◆ Task requirements
Once the pictures have been removed, repeat the remainder of the records exactly.

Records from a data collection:
╔══
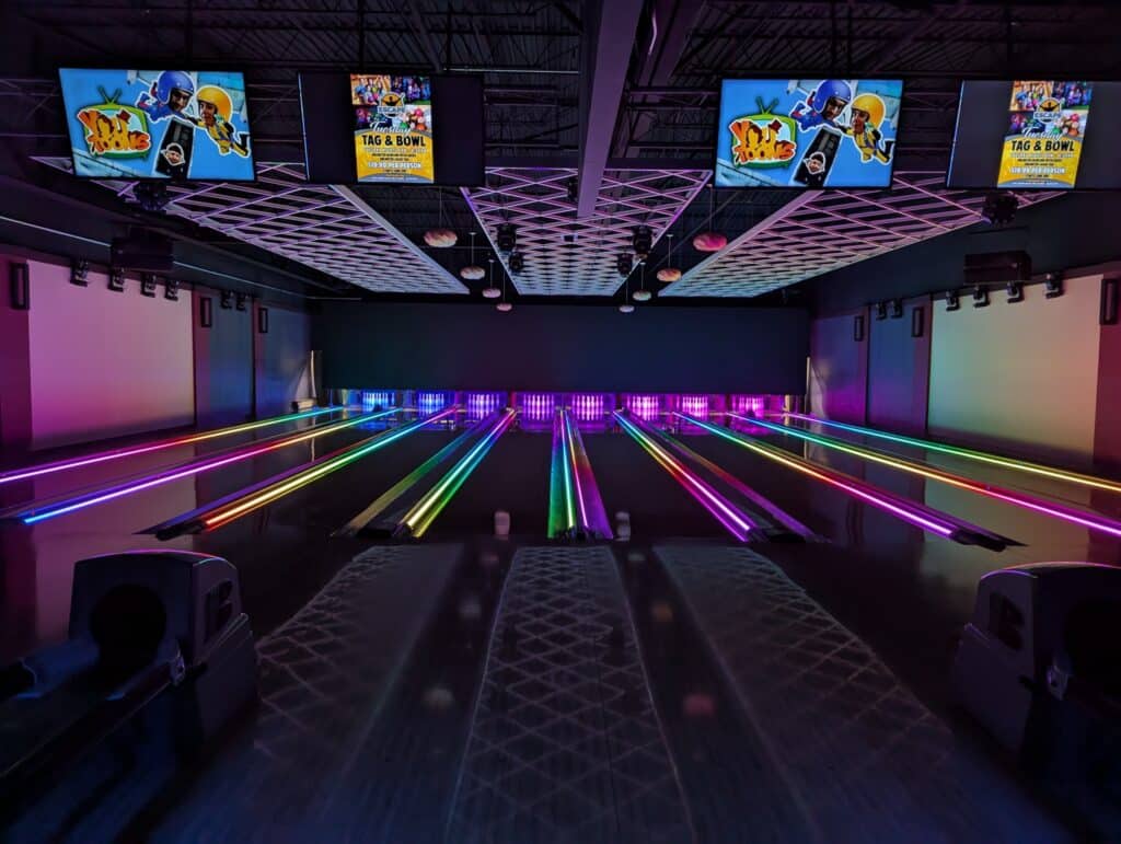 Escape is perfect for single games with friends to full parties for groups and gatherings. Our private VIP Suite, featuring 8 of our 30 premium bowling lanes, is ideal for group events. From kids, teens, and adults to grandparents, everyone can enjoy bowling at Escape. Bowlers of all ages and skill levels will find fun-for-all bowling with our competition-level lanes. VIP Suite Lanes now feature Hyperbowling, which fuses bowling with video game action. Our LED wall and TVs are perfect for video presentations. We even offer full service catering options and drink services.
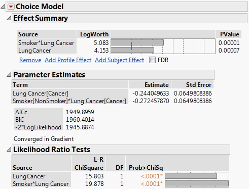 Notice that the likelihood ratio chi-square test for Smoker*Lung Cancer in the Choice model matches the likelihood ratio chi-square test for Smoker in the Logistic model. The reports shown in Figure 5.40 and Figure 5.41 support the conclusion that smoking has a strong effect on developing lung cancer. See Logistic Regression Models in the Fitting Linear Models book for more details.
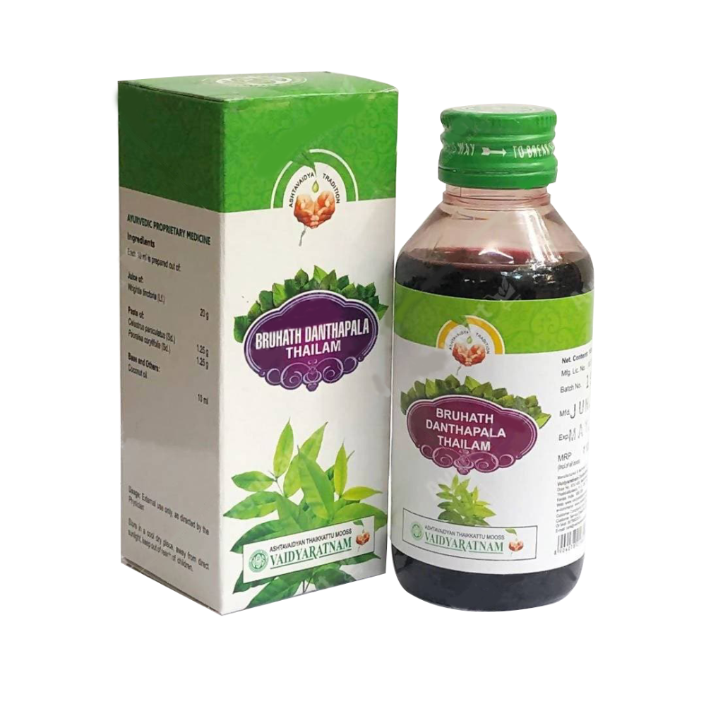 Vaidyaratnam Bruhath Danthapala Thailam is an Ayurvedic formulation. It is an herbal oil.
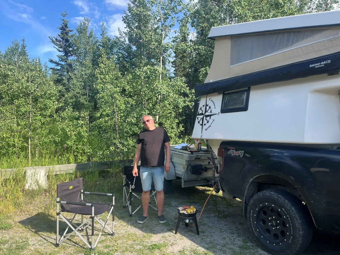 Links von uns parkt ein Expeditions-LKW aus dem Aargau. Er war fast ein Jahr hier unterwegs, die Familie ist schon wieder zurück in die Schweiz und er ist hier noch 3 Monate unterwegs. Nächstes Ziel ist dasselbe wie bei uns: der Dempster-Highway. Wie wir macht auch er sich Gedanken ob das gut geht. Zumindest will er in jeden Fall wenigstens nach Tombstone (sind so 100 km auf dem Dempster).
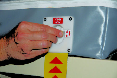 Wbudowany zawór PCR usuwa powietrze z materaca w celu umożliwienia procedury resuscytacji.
╚══
◆ Output for this task
 Escape is perfect for single games with friends to full parties for groups and gatherings. Our private VIP Suite, featuring 8 of our 30 premium bowling lanes, is ideal for group events. From kids, teens, and adults to grandparents, everyone can enjoy bowling at Escape. Bowlers of all ages and skill levels will find fun-for-all bowling with our competition-level lanes. VIP Suite Lanes now feature Hyperbowling, which fuses bowling with video game action. Our LED wall and TVs are perfect for video presentations. We even offer full service catering options and drink services.
 Notice that the likelihood ratio chi-square test for Smoker*Lung Cancer in the Choice model matches the likelihood ratio chi-square test for Smoker in the Logistic model. The reports shown in Figure 5.40 and Figure 5.41 support the conclusion that smoking has a strong effect on developing lung cancer. See Logistic Regression Models in the Fitting Linear Models book for more details.
 Vaidyaratnam Bruhath Danthapala Thailam is an Ayurvedic formulation. It is an herbal oil.
 Links von uns parkt ein Expeditions-LKW aus dem Aargau. Er war fast ein Jahr hier unterwegs, die Familie ist schon wieder zurück in die Schweiz und er ist hier noch 3 Monate unterwegs. Nächstes Ziel ist dasselbe wie bei uns: der Dempster-Highway. Wie wir macht auch er sich Gedanken ob das gut geht. Zumindest will er in jeden Fall wenigstens nach Tombstone (sind so 100 km auf dem Dempster).
 Wbudowany zawór PCR usuwa powietrze z materaca w celu umożliwienia procedury resuscytacji.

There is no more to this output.